====== Extracted information

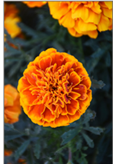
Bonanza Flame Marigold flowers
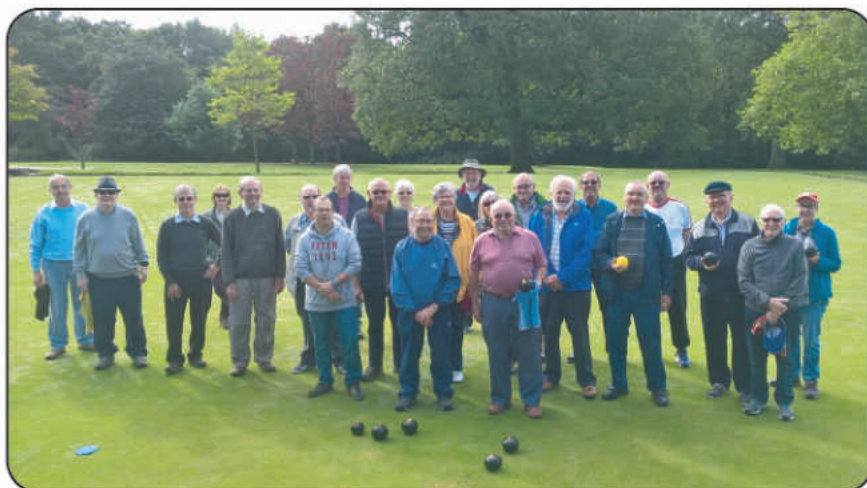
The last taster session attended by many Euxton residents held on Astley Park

============
====== Extracted information

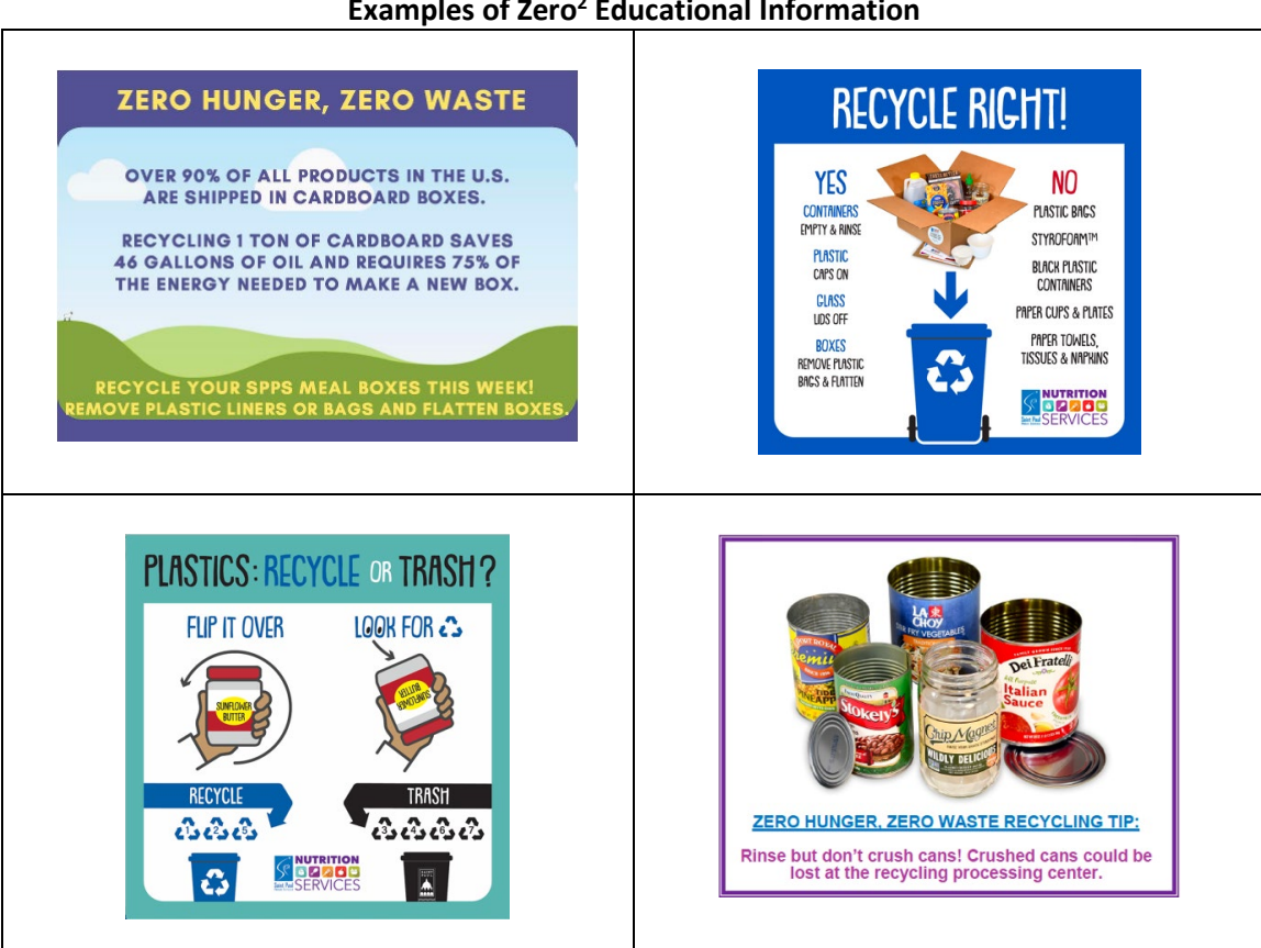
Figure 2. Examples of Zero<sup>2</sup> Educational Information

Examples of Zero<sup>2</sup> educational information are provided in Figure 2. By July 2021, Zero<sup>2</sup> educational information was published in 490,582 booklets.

============
====== Extracted information

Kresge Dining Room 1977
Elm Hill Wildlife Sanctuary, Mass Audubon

============

● Problem details
Look above for the line with "Bonanza Flame Marigold flowers" and the line with "The last taster". Copy them and every line between, exactly, but no pictures.

● Worked solution
Bonanza Flame Marigold flowers
The last taster session attended by many Euxton residents held on Astley Park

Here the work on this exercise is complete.